Prevalence and isotype distribution of antiphospholipid antibodies in Chilean patients with systemic lupus erythematosus (SLE)

  • Aguirre, V
  • Cuchacovich, R
  • Barria, L
  • Aris, H
  • Trejo, C
  • Massardo, L
  • Pasten, R
  • Espinoza, L
Lupus 10(2):p 75-80, February 2001. | DOI: 10.1191/096120301674376357

Previous studies have demonstrated that ethnicity plays a role in the prevalence, isotype distribution, and clinical significance of anticardiolipin (aCL) and anti-β2 glycoprotein I (aβ2-GPI) antibodies in systemic lupus erythematosus (SLE) patients.

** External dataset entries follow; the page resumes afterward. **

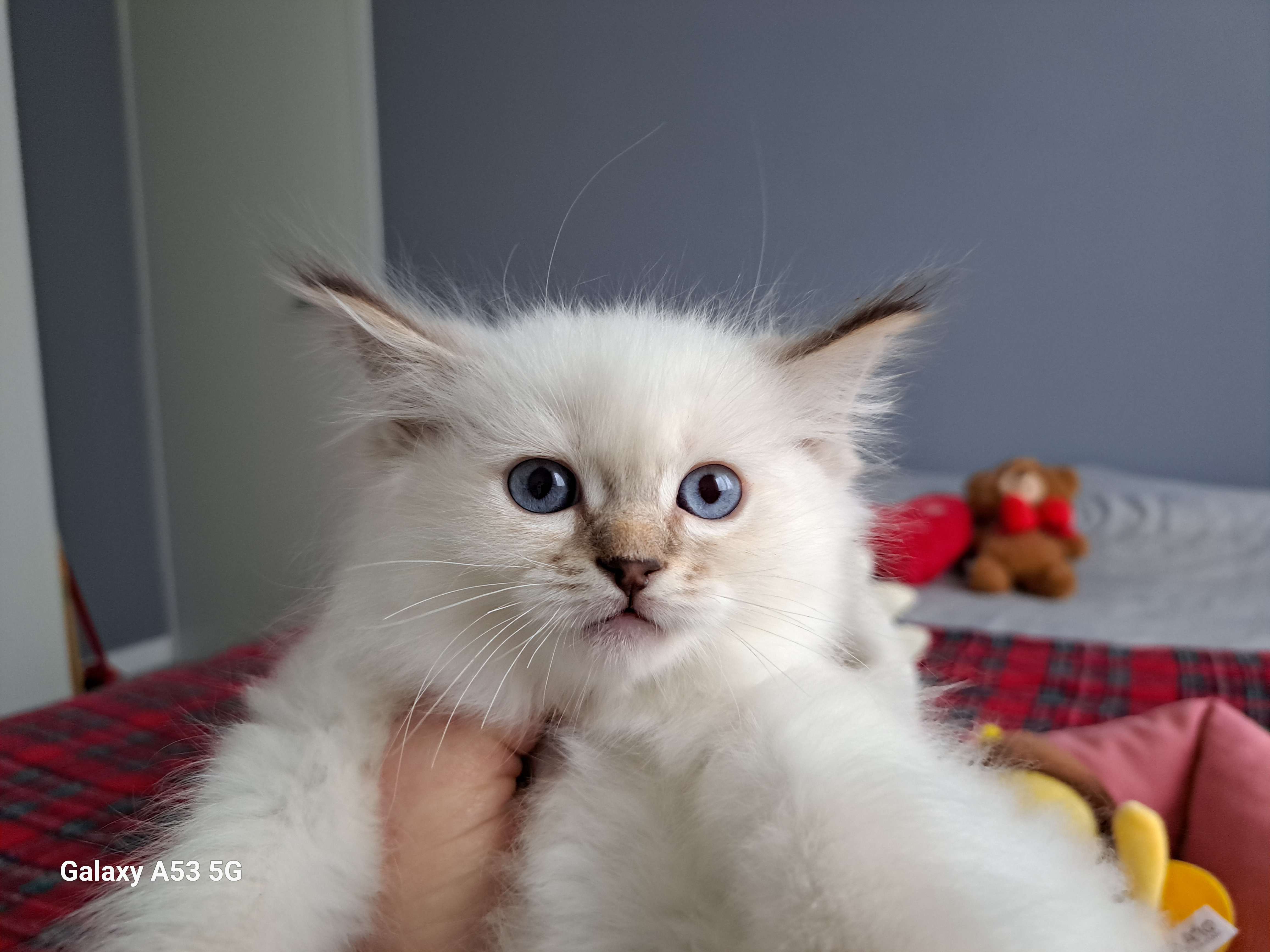 Fabulous blue point mitted kitten. Excellent physical structure, beautiful morphology, good markings, semi-long, dense coat…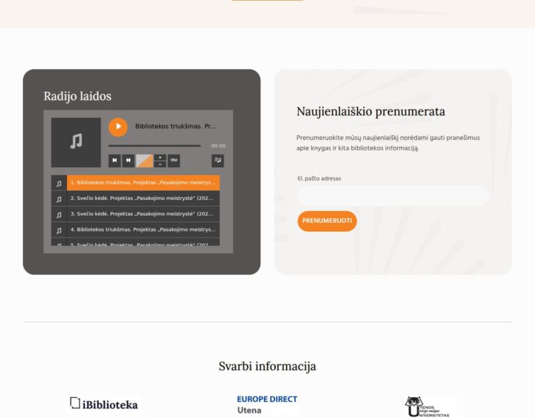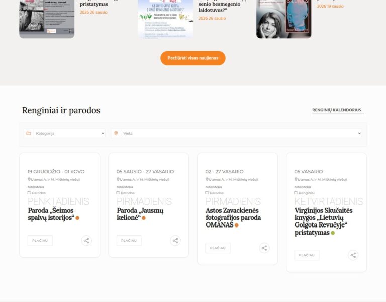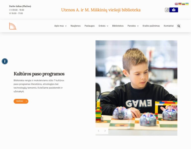 Przeprojektowaliśmy i opracowaliśmy nową stronę internetową dla Publicznej Biblioteki A. i M. Miškinių w Utenie, aby przedstawić jej usługi, wydarzen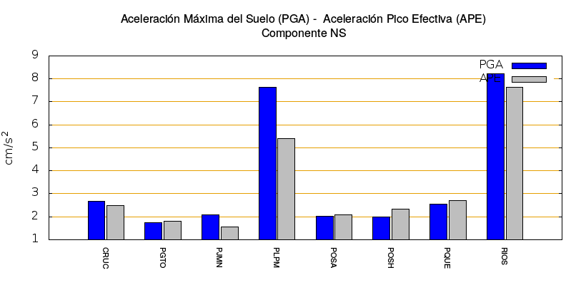 La siguiente tabla muestra los valores de aceleración efectiva para las componentes norte-sur (NS) y este-oeste (EW). También se muestra el valor del cociente entre la aceleración efectiva y la aceleración máxima (APE/PGA).

Few studies have been done in Latin American populations. Serum samples from 129 Chilean SLE patients were tested for IgG, IgM and IgA aCL and aβ2-GPI by ELISA. Clinical data were reviewed with the focus on clinical manifestations of antiphospholipid syndrome (APS). Positivity for at least one isotype of aCL was found in 30% of patients, while only 10% were positive for at least one isotype of aβ2-GPI. IgG was the most prevalent isotype for aCL (16%), and the isotype distribution was similar (4%) for aβ2-GPI. In general, the presence of aCL was significantly associated with the presence of aβ2-GPI, but a number of samples were positive for only one antibody, some of them associated with clinical manifestations of APS. ACL antibodies at medium-high titers were significantly correlated with thrombosis (P/0.0007) and fetal loss (P/0.009); however, the sensitivity of aβ2-GPI for detecting thrombosis and fetal loss was lower than aCL (19 and 17% vs 56 and 50%, respectively), and the specificity slightly higher (91 and 90% vs 84 and 82%). In Chilean SLE patients, aCL and aβ2-GPI antibodies are important in the evaluation of patients with APS. However, the utility of aβ2-GPI antibodies was limited by the low prevalence of these antibodies in comparison with other ethnic groups. Further studies are needed to define the basis of the observed differences among ethnic groups.